|Pronunciation||klor" oh thye' a zide|
|Trade names||Diuril, others|
|Drug class||Thiazide diuretic|
|Main uses||High blood pressure, swelling|
|Side effects||Nausea, dizziness, headache, increased urination, dehydration, dry mouth, low sodium, low potassium, low magnesium|
|By mouth, IV|
|Typical dose||500 to 1000 mg OD or BID|
|Elimination half-life||45 to 120 minutes|
|Chemical and physical data|
|Molar mass||295.71 g·mol−1|
|3D model (JSmol)|
Chlorothiazide, sold under the brand name Diuril among others, is a medication used to treat high blood pressure and swelling.

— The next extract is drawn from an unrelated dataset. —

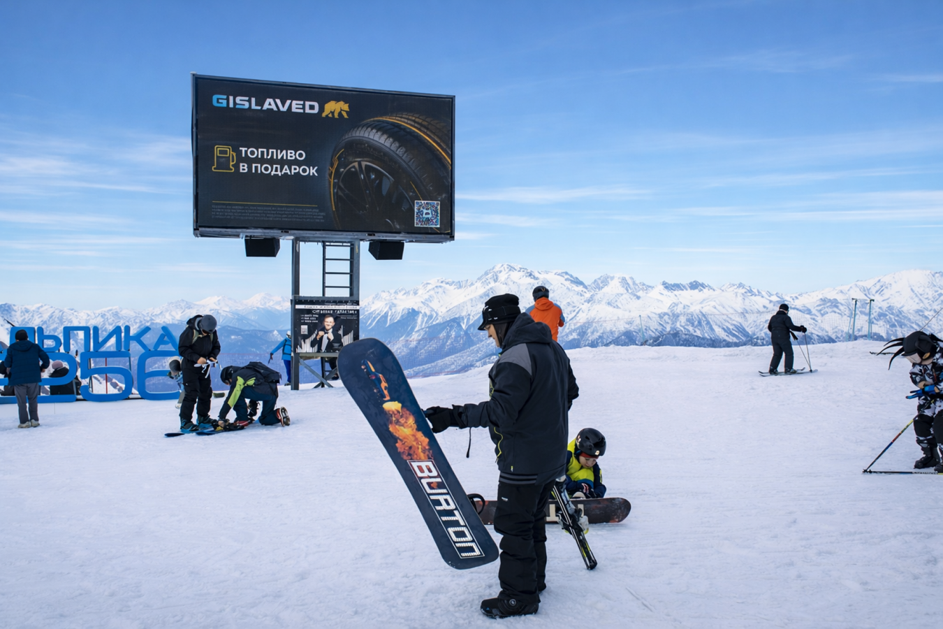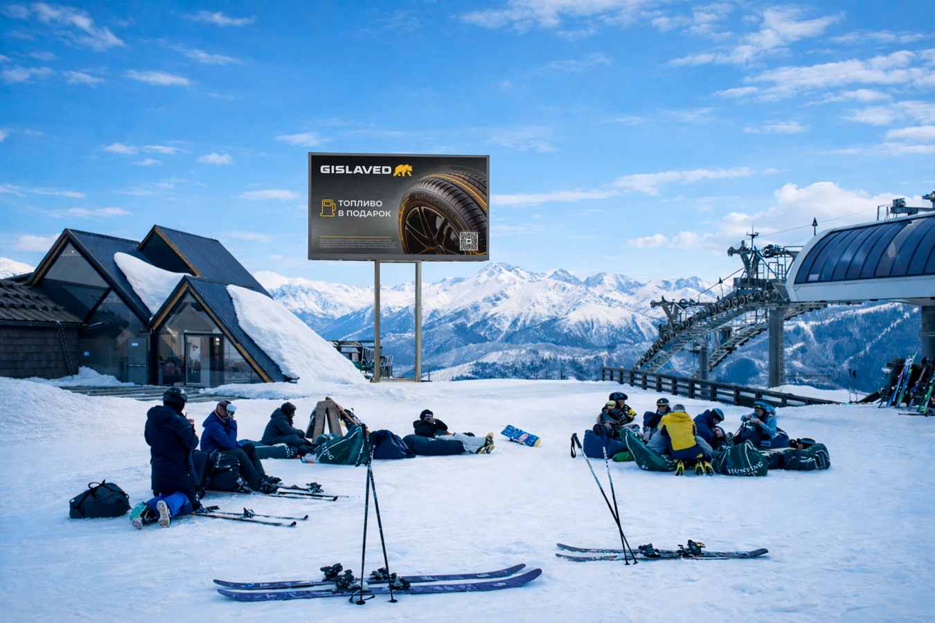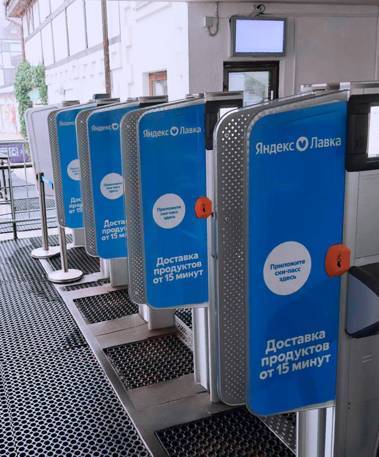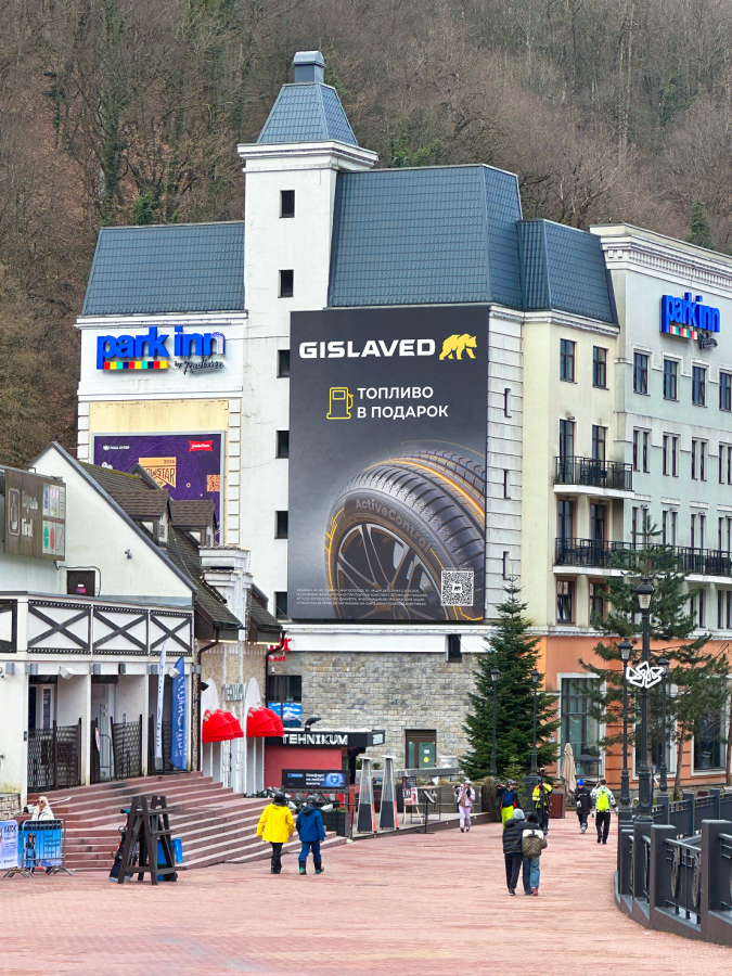 Для «Яндекс Лавки» брендировали турникеты канатной дороги «Стрела» на «Розе Хутор». Слоган про доставку в горах связал частые подъемы с удобством сервиса — заказ можно получить прямо на склоне или в отеле. Для Gislaved задействовали сразу несколько локаций: видеоэкраны на «Газпром Поляне» и «Красной Поляне», а также медиафасад отеля на «Розе Хутор».

It is one of a number of first line options for high blood pressure. It may be used for swelling due to heart failure, nephrotic syndrome, or pregnancy. It may be taken by mouth or by injection into a vein.
Common side effects include nausea, dizziness, headache, increased urination, dehydration, dry mouth, low sodium, low potassium, and low magnesium. Other side effects may include allergic reactions, gout, and low blood pressure. While safety is unclear; it has been used as a second line treatment to control blood pressure and swelling in pregnancy. It is a thiazide diuretic.

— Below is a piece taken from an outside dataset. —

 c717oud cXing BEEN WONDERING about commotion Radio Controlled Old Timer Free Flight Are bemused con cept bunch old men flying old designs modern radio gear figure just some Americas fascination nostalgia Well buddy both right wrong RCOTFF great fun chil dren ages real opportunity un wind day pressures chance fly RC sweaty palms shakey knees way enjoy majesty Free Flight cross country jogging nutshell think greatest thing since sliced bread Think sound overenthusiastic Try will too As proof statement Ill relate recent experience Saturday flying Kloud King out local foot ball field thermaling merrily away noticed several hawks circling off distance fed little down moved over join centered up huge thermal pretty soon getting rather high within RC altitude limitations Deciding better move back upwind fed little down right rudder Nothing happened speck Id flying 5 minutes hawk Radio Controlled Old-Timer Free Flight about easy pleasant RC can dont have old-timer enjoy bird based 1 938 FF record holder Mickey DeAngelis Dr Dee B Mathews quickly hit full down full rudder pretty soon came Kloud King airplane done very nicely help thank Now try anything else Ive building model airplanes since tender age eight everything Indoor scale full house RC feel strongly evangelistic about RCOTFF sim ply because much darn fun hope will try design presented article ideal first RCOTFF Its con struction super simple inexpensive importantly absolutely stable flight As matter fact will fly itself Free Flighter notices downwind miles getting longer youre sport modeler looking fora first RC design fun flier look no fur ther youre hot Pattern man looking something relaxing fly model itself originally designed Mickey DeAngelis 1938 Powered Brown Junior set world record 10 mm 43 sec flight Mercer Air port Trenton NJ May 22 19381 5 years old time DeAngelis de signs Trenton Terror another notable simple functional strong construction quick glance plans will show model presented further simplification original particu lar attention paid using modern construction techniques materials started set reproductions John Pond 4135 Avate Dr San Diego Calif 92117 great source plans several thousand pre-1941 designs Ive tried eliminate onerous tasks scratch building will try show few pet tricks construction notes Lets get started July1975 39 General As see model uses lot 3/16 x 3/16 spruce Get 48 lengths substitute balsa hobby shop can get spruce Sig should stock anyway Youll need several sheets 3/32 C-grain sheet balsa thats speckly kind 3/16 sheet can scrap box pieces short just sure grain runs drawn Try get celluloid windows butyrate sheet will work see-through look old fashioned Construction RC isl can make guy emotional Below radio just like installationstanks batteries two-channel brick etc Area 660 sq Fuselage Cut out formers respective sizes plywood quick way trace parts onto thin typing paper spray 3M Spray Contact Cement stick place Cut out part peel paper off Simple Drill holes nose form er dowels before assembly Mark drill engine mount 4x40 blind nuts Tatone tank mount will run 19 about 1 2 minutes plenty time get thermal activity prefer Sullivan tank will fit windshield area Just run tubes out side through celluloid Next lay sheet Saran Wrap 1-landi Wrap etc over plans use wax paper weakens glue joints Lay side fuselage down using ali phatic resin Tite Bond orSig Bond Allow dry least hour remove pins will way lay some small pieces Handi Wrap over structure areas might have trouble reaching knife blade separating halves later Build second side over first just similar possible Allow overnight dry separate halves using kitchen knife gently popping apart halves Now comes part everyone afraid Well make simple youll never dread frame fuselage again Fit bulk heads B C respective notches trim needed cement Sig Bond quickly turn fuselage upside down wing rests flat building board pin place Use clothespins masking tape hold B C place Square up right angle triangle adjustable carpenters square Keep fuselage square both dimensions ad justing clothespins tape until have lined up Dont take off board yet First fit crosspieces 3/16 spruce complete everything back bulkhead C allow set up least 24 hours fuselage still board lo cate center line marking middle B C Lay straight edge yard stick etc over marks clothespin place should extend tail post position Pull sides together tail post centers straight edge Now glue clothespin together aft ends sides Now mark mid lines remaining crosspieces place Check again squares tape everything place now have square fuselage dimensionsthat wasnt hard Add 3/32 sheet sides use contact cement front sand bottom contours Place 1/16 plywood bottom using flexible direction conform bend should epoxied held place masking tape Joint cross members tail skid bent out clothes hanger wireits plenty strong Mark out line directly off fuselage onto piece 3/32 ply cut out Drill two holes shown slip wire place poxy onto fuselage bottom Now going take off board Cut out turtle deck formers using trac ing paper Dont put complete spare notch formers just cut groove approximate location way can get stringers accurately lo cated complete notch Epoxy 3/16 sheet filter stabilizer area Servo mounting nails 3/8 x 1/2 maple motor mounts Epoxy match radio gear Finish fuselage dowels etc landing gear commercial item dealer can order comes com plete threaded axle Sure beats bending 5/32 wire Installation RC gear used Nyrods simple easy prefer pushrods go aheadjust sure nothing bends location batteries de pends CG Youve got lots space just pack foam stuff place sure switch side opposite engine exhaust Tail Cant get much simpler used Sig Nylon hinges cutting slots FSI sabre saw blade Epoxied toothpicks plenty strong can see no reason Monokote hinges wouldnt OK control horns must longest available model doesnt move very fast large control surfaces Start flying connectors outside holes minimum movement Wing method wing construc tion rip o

Chlorothiazide was patented in 1956 and approved for medical use in 1958. It is on the World Health Organization's List of Essential Medicines as an alternative to hydrochlorothiazide. It is available as a [[generic medication]. In the United States 90 tablets of 500 mg costs about 14 USD.
- Nausea / Vomiting
- Excess urine production
- Hypoelectrolytemia (esp. hypokalemia / hypomagnesia)
Marketing of chlorothiazide began in 1957. The research team of Merck Sharp and Dohme Research Laboratories of Beyer, Sprague, Baer, and Novello created a new series of medications, the thiazide diuretics, which includes chlorothiazide. They won an Albert Lasker Special Award in 1975 for this work.